Quaisquer que sejam as saídas possíveis, o processo de luto é um processo marcado por intensa dor. É preciso interiorizar a perda e isto supõe um trabalho psíquico muito exaustivo. Apesar de o senso comum proferir que “o tempo cura tudo” ou que “com o tempo passa”, ainda que tenham se passado muitos anos, o registro desse tempo é diferente do registro consciente. Com Freud, sabemos que o inconsciente é atemporal e não reconhece o tempo cronológico. O

90 passar do tempo pode (ou não) ajudar a dar sentido ou a ressignificar as experiências. Mas a perda de um objeto de amor será sempre uma perda difícil de “dar conta” porque, diferentemente de um simples esquecimento passivo, o luto é um esforço que exige a lembrança para que seja possível o “esquecimento” (no sentido de seguir com a vida). É preciso lembrar para esquecer.

Mendlowicz (2000), apoiada na teoria do luto freudiana, propõe em seu artigo outras saídas possíveis para o luto além dos destinos apontados por Freud (a elaboração, a depressão ou a melancolia). A autora descreve um estudo de caso de uma paciente que a possibilitou concluir por outras formações de compromisso diante de um luto mal ou pouco elaborado. O processo de luto pode envolver qualidades inconscientes sem, necessariamente, terminar em melancolia. Sua experiência clínica e investigativa a fez concluir que a perda de uma pessoa amada pode fazer emergir outros tipos de perturbações psíquicas além do quadro melancólico.
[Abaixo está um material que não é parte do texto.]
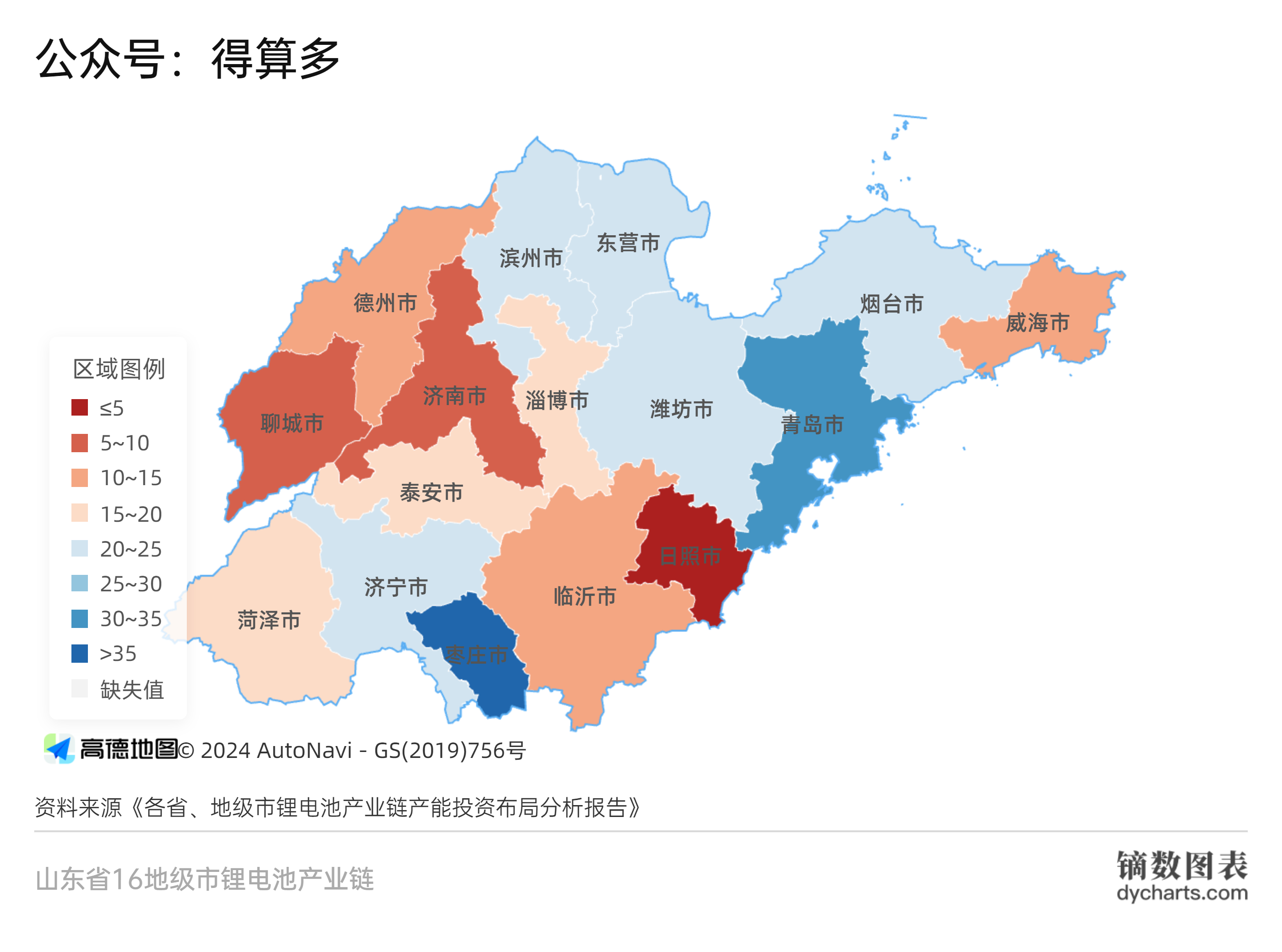 山东省16地级市锂电池产业链上下游生产企业产能投资布局分布图
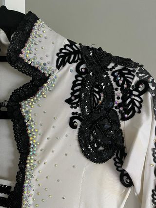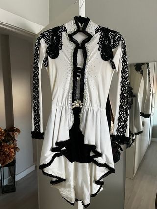 Bellissimo abito da ballo, ideale per competizioni o esposizioni. È un capo elegante e sorprendente. - Design sofisticato con dettagli in bianco e nero. - Realizzato con lycra bianca di alta qualità. - Decorato con cristallo swasorqui
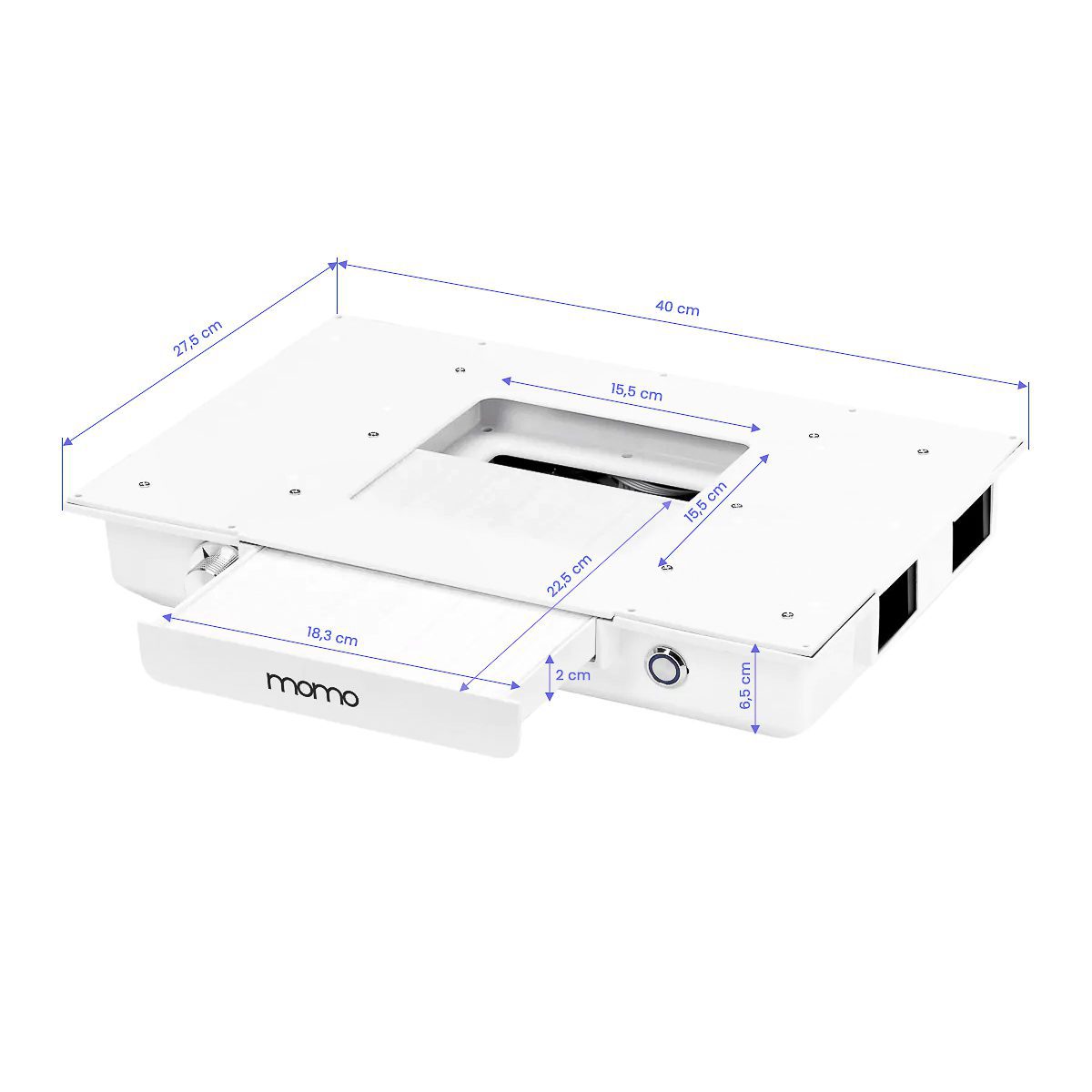 Pöytälevyyn sisäänrakennettu Momo J-02 -kasettipölynimuri parantaa merkittävästi työskentelymukavuutta ja hygieniaa poistaen tehokkaasti kosmeettisten hoitojen, kuten manikyyrien, aikana syntyvän pölyn. Tämän laitteen ansiosta ilma salongissa pysyy puhtaana ja työpiste vapaana epäpuhtauksista, mikä lisää sekä kosmetologin että asiakkaiden turvallisuutta. Pölynimuri on helppokäyttöinen ja -huoltoinen, mikä lisää sen toiminnallisuutta entisestään. Säännöllinen puhdistus ja suodattimen vaihto takaavat jatkuvasti korkean imutehon. Lisävaihtosuodattimia on mahdollista ostaa erikseen (SKU 123581). Myymälästämme on saatavilla myös aktiivihiilisuodatin (SKU 123582), joka poistaa tehokkaasti allergeeneja ja mikrobeja, nostaen salongin hygieniatasoa.
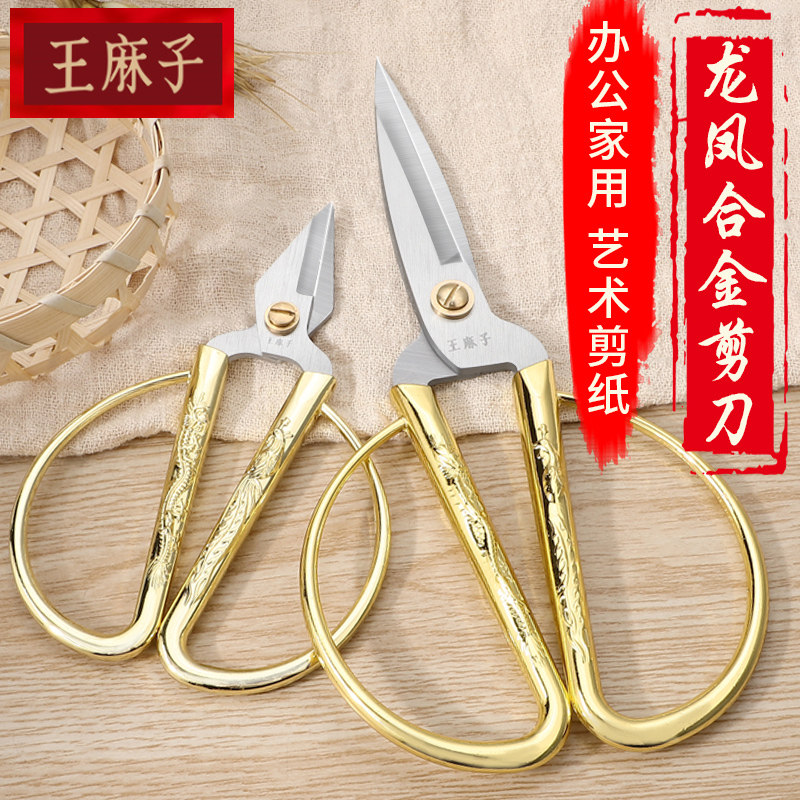 Wang Mazi scissors household trumpet cutting thread head sharp tailor paper cutting scissors sewing scissors industrial ribbon cutting dragon and phoenix scissors

Como exemplo, cita casos em que a introjeção de um morto que se quer vivo é uma solução de compromisso que provoca intensa angústia e que pode induzir à morte. O morto transformado em morto-vivo provoca uma intensa angústia que não está vinculada nem à ambivalência, nem à culpa, mas sim ao desejo de se unir ao objeto, à impossibilidade de se separar dele, e ao mesmo tempo, ao terror que essa união significa: a nossa própria morte.